# garlic and goats



## serpentbird (May 17, 2012)

Hi All
I have been doing research in how to prevent worms and parasites in and on goats. I found articles everywhere proclaiming garlic fed daily to your goat will help prevent worms/parasites from making a home in your critters. Also if your goat is not keen on garlic at first that you may add a lick or two of molasses and eventually your goat will go ape for the garlic all by itself. Those that wrote the articles figure it makes for a hostile living environment inside the goat and out too because of the skin giving off the scent of garlic. Supposedly flying and crawling bugs leave them alone too. Is any of this true, judging by any and all of your experiences? Will garlic hurt their insides from such constant exposure? I ask because this lung worm thing that went down here really wigged me out and if I can find a prevention method it would be so great, and so great to share with folks here too.  Thanks guys!


----------



## NavaBoerFarm (Dec 15, 2012)

I have a bunch of wild garlic growing everywhere. The goats don't touch it though. Can't wait to hear if its true so I can try and force feed lol


----------



## serpentbird (May 17, 2012)

Me too and its trying to take over the whole area! lol It would be nice to get some practical use out of all of it.  I can only use so much in my terrible cooking....lol


----------



## Curious (Feb 6, 2013)

I have heard just as many positive as negative results about the garlic thing. I saw a study for people that in order to actually get protection from bugs they had to rub it onto their skin. I actually use and herbal wormer for mine that contains wormwood, fennel, garlic, and something else that I can't remember. It seems to be working well for mine at the present, unless they are like immune to worms, but I doubt that because we live in South Georgia with the Alapaha River literally in our back yard, so perfect environment for worms. From what I've read, herbals work well for some goats (and owners) and just plain sucks for others. Wish I could help more!


----------



## nchen7 (Feb 25, 2013)

I feed garlic to my girls daily. if they seem wormy, I give a little more. doesn't seem to hurt them, and I haven't noticed mites or anything on them in a while (i'm in the tropics..mites and stuff around all year long). 
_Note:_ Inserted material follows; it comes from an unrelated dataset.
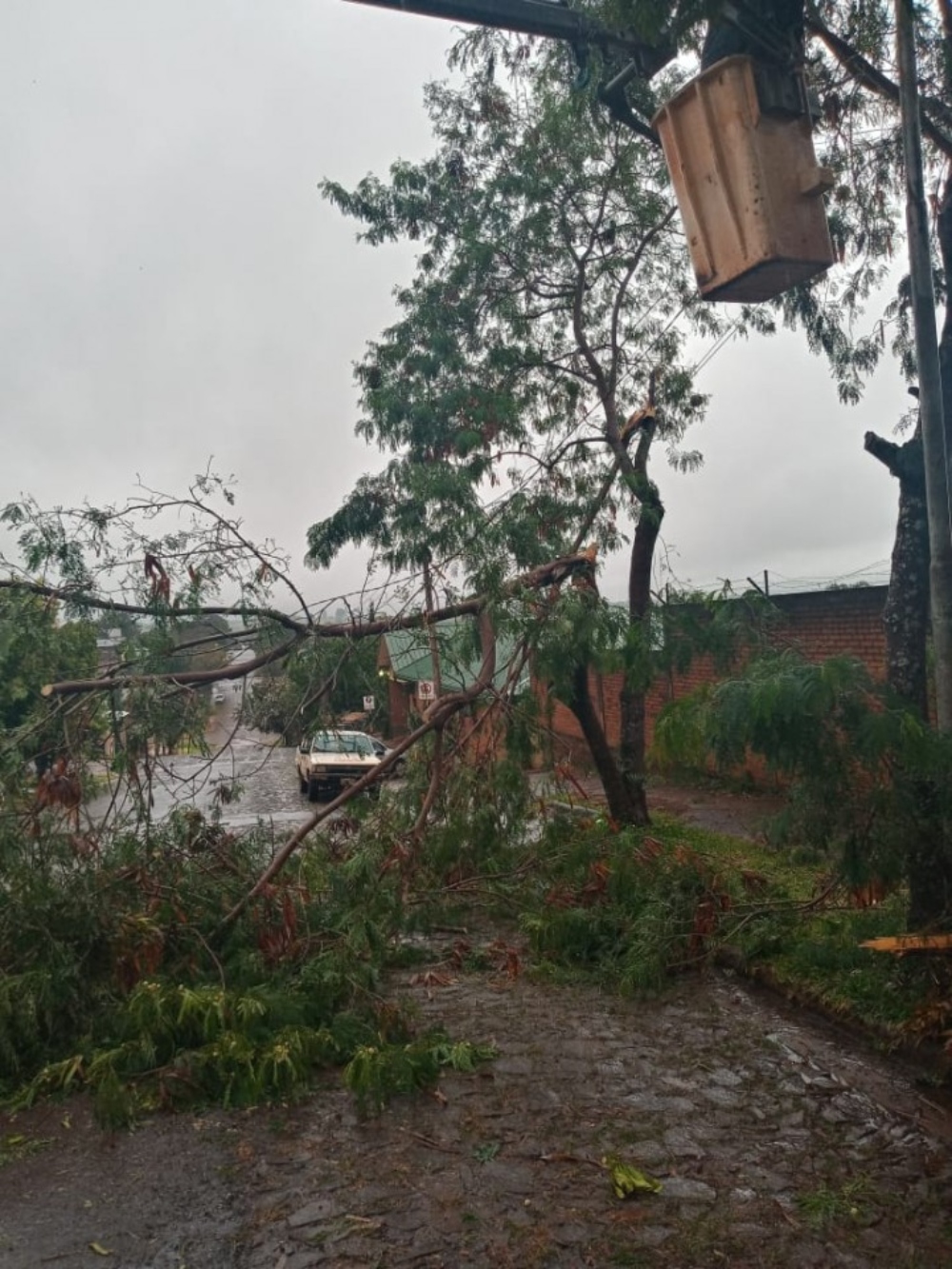 La fuerte tormenta del jueves por la noche dejó destrozos, voladuras de techos, ramas y postes en buena parte de la provincia. Hasta la primera noche de la Fiesta Nacional del Inmigrante en Oberá debió terminar a las 23 ya que el viento y la lluvia golpearon fuerte e hicieron estragos en el escenario mayor e incluso, según el comunicado de la CELO, hasta ayer por la tarde seguían trabajando para restablecer el servicio de energía que se vio afectado por la caída de postes.

raw garlic is generally such a health food. don't see why it would be bad to give them a clove or two per day...


----------



## Curious (Feb 6, 2013)

It isn't bad for them, I have just read that sometimes it doesn't do anything. I guess I should've worded that a little better. 
It gets like a jungle here in the summer, temps go into the 100's, and the humidity is so bad that when you walk outside your clothes instantly glue to your body and you can't breathe haha. Worms are a huge problem down here, and I don't like using harsh chemicals, so I'm always looking for homeopathic remedies for my goats.


----------



## nchen7 (Feb 25, 2013)

same here! I was using natural wormer for my doe who kidded over two weeks ago, and she seemed to be fine, but started getting wormy. had her on for 3 days of herbal wormers, double dose, and she's gotten worse. I broke and gave her chemical wormer today. my other doe is doing alright on the herbal wormer and daily garlic, and it was raining here almost non stop for two weeks!


----------



## Curious (Feb 6, 2013)

Poor girl. Some goats are just very susceptible to parasites. I'm constantly watching my goats because those lung worms and liver flukes scare the life out of me. In response to the OP, garlic is full of antioxidants and vitamin C, and are very good for your goats (and you for that matter!) giving them some every day is fine. I would do it if you think it's going to help you, it can't hurt them as far as I know.


----------



## animalfamily (Nov 23, 2012)

I have been having the garlic discussion it seems, a lot recently with people on various forums.

I have been using garlic for my goats for a long time, it is a good antibiotic as well !! I've never encountered any problems using it.

Also, [I mentioned this on another thread somewhere here, I just can't remember where ] we have a ton of walnut trees on our property. Walnut is also good for expelling worms, my goats can't get enough of them, so I seldom have a worm problem.
When I do need to give them some garlic I mix it with a little molasses [brewers yeast is supposed to be good to mix in also, but I never seem to have it around] and they just gobble it up!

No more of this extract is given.